The Russians perceive American happiness a bit differently. It is not that Americans are taught to be happy from the cradle onwards. It is a part of American psychology taught from little up that one must smile and be happy. It is not good to discuss problems because everyone wants to be around only positive people. Nobody wants to be seen as the negative one. The power of positive thinking has been instilled in the American mind, and people who do not live it or fake it are an outcast to society. Even if one is a victim, it is not "cool" to be perceived as one. One must always flex his muscle and show how strong he is. Such is the superficiality of etiquette in the United States, just as the empty concept of "We should meet up at some point!" Perception is reality even though reality it is not.
Believe it or not, the most obscene statement was made by the Japanese about American food not being subtle and how Americans can’t make hamburgers at home. American food is as diverse as the people.

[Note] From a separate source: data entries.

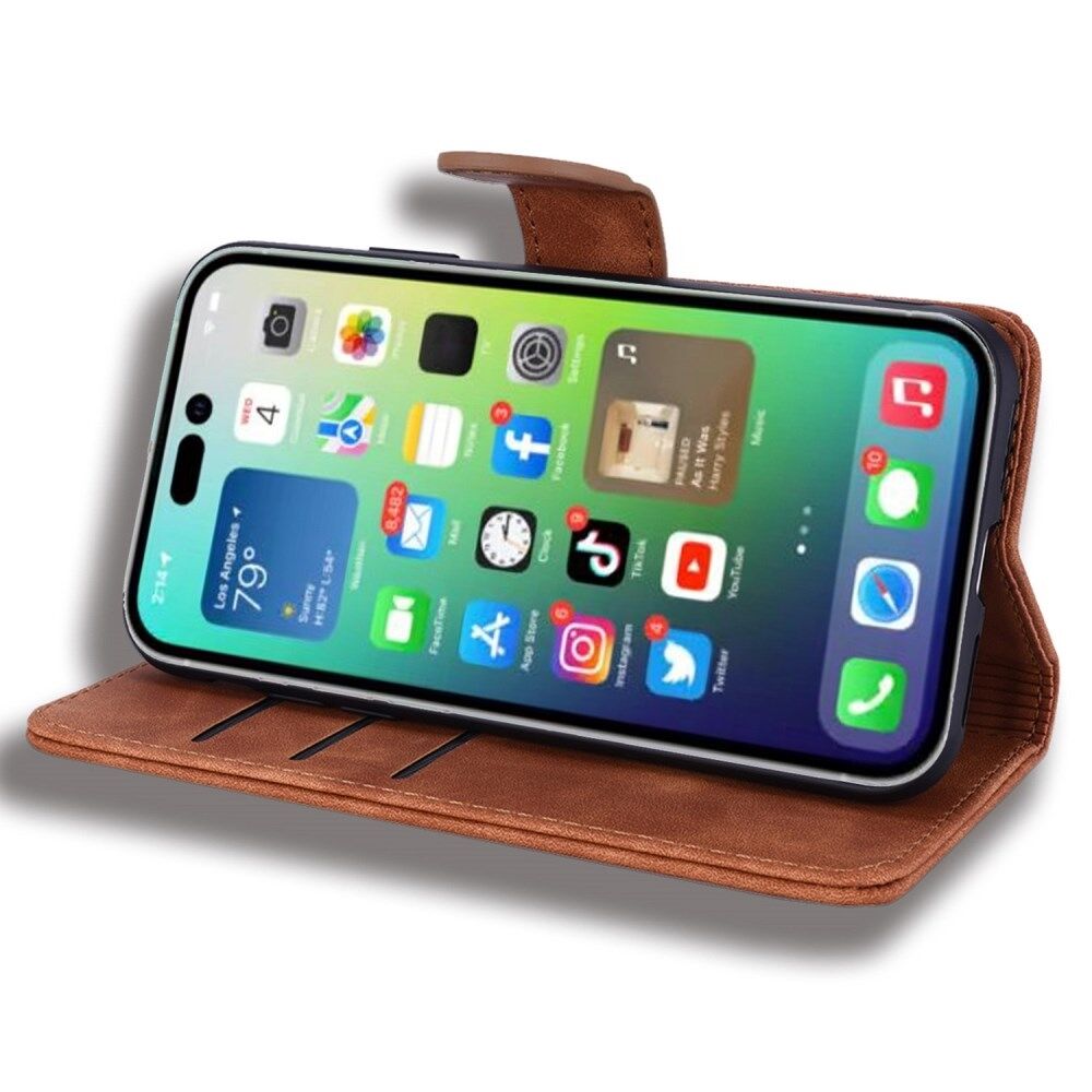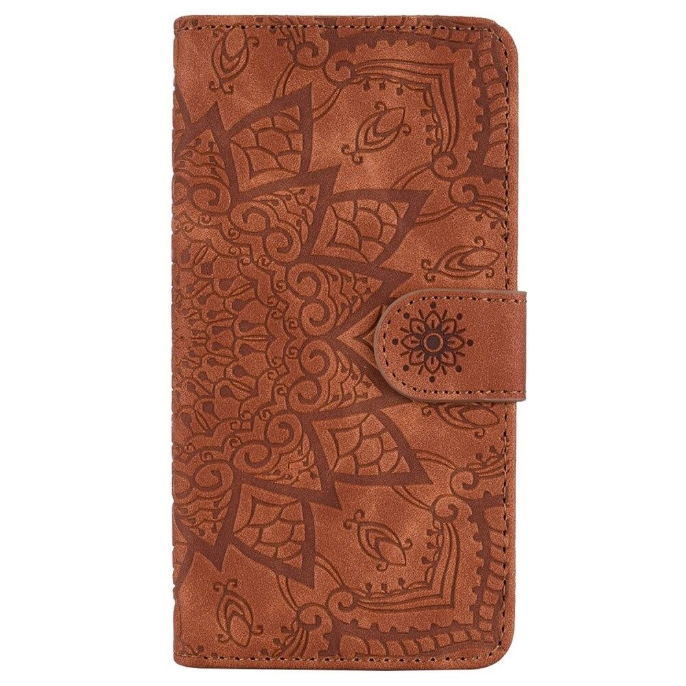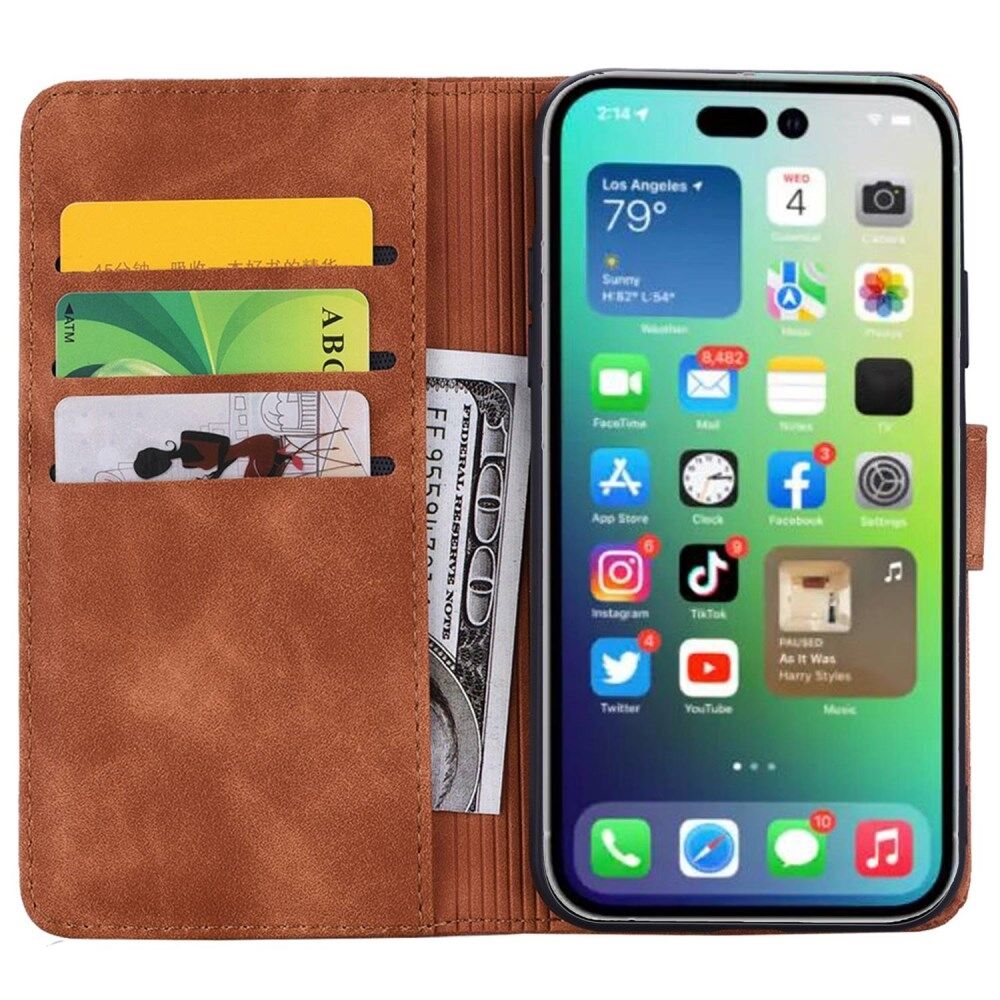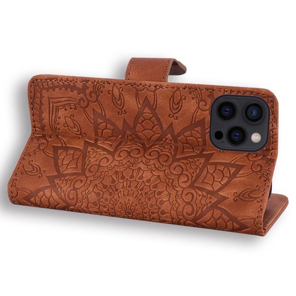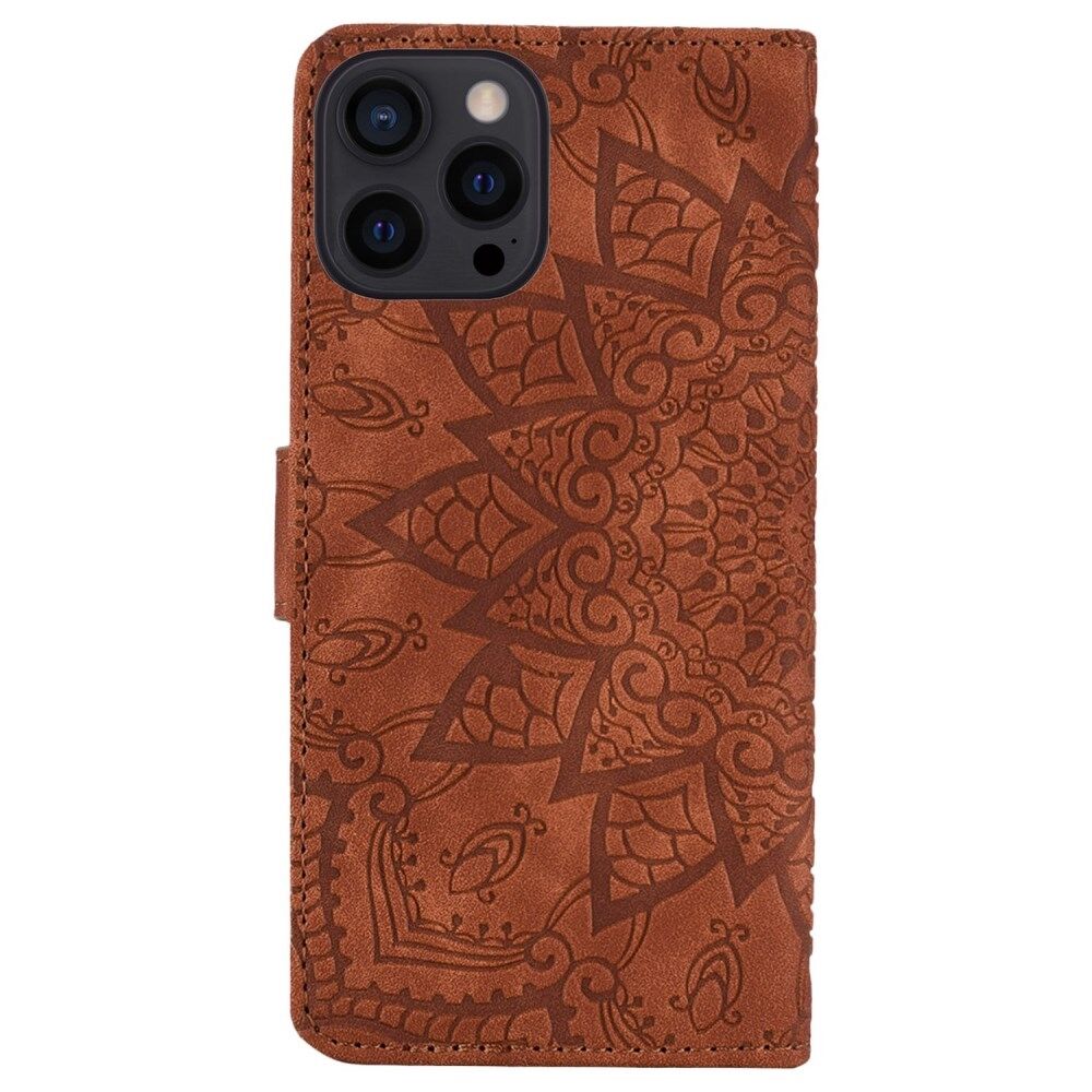 Voor iPhone 14 Pro 6.1 inch Opdruk Bloem Telefoon Flip Cover Portemonnee Ontwerp Kalf Textuur Lederen Cover met Stand - Bruin
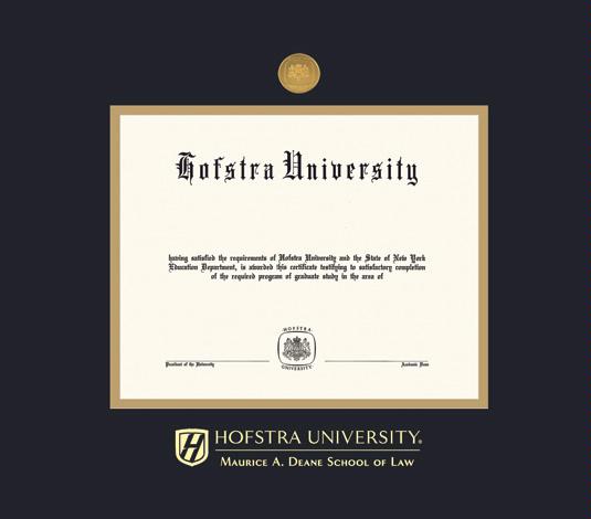 Hofstra University Diploma - Law (2019 to Present) Frame with Medallion and Black and Gold Double Mat and Gold Embossing
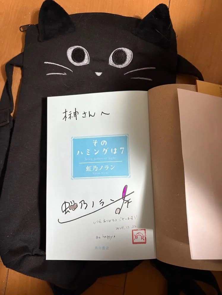 2024年12月22日、名古屋志段味図書館にて開催された虹乃ノランさんの『そのハミングは7』発売記念のトークイベント&サイン会に参加させていただきました。5月の創作ワークショップに参加以来の志段味図書館ですね。前回はナビがおバカだったせいもあり、随分と遠回りな案内をされましたが、今回は的確なルートで案内されてまぁよかったかなと。かなり余裕を持って到着出来ましたので、早めにサインをいただきました。ありがとうございました。カルディのハロウィン時に発売されていた黒猫のリュックっぽいもの、見せるのを忘れてしまいました(汗)。
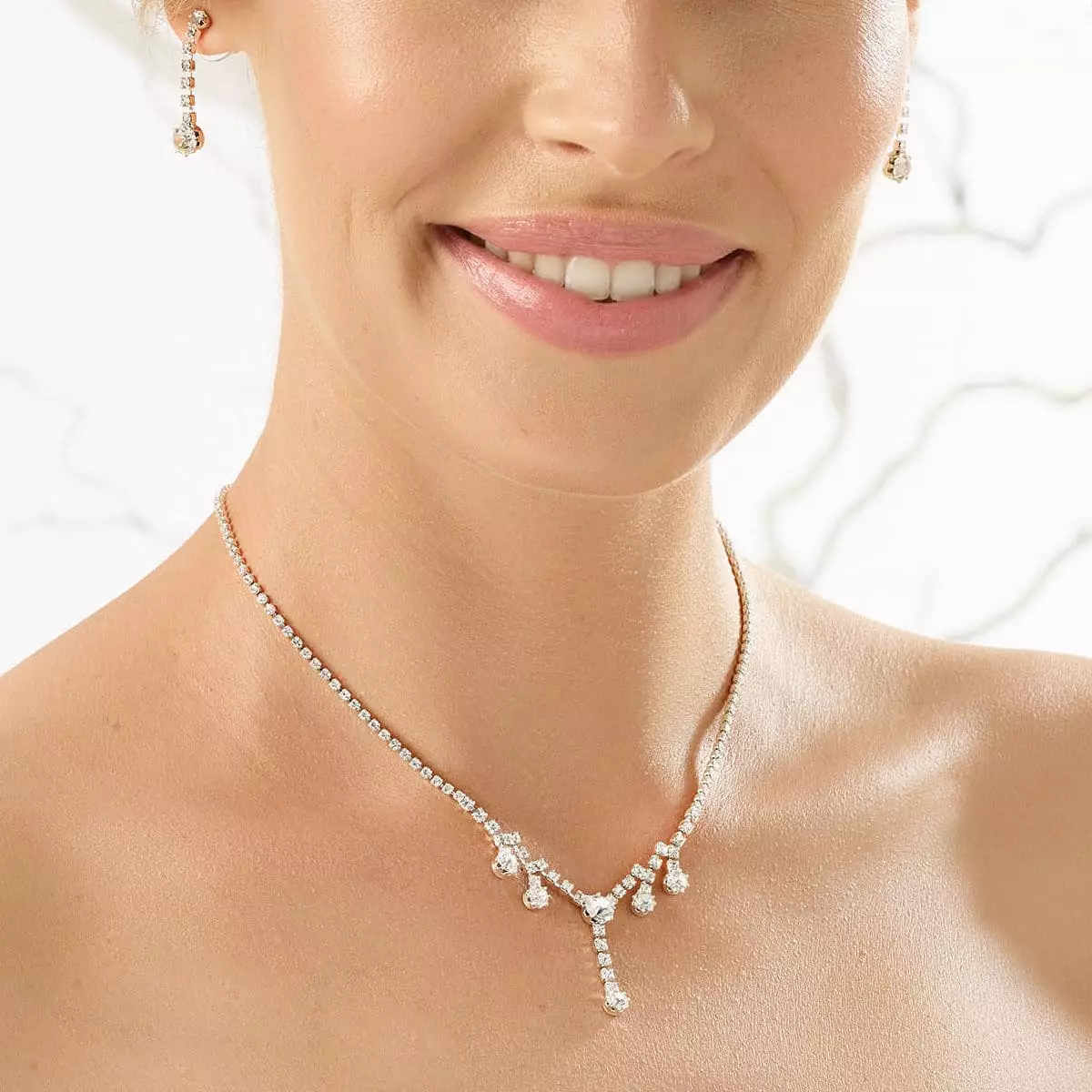 Dieses wunderschöne Schmuckset N20 von Avalia (Bianco Evento) besteht aus Ohrringen und Halskette in der Länge 38 cm, die um 7 cm erweiterbar ist. Schmuckset N20 ist hochwertig verarbeitet und mit Strass und Kristallsteinen dekoriert. Dieses elegante Schmuckset wird dein Brautlook verschönern und unterzeichnen. Außerdem ist der Metallteil des Sets versilbert und nickelfrei (allergiefrei) und deswegen passt es auch zur empfindlichen Haut. Schmuckset N20 wird in einem eleganten Schmucketui geliefert. Wenn du dich für dieses Schmuckset entscheidest, findest du dazu passendes Diadem „Diadem D26“ ebenfalls auf bystep.de.
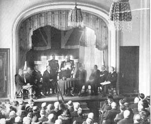 The Commission of Government being sworn in at St. John's, February 16, 1934. The Commission was a group of bureaucrats appointed by the British crown. It governed the nation of Newfoundland until Confederation with Canada in 1949

America is the land of immigrants, and American food is a cuisine of immigrants. But that does not mean that American cuisine is only hamburgers. Perhaps they have never heard of beef and noodles over mashed potatoes or tuna noodle casserole. Those are better comfort foods to many Americans than a hamburger. And yes, hamburgers can be made at home. Grocery stores sell beef patties premade and packages of ground beef that can be made into patties. Every variety of hamburgers can be made at home, even a McDonalds Big Mac. There is many varieties of American food, whether it be home or in a restaurant or subtle or not subtle.
Like the pressure to be seen as positive, a survivor, or a hero in America, there is also pressure not to drink the most out of everyone unless one is at a fraternity party. A six pack a night is no big deal in some cultures. A glass of wine with meal has been the drink of choice for many countries, yet it is still catching on amongst mainstream America. But yes, Americans are quick to label if they deem too much alcoholic beverage has been consumed. If one is at a party and an accident happens, don’t expect to be invited back.
So hopefully this rebuttal can relax some people a bit before getting on the plane. It’s really not a big deal to come to America. Just be polite and have fun!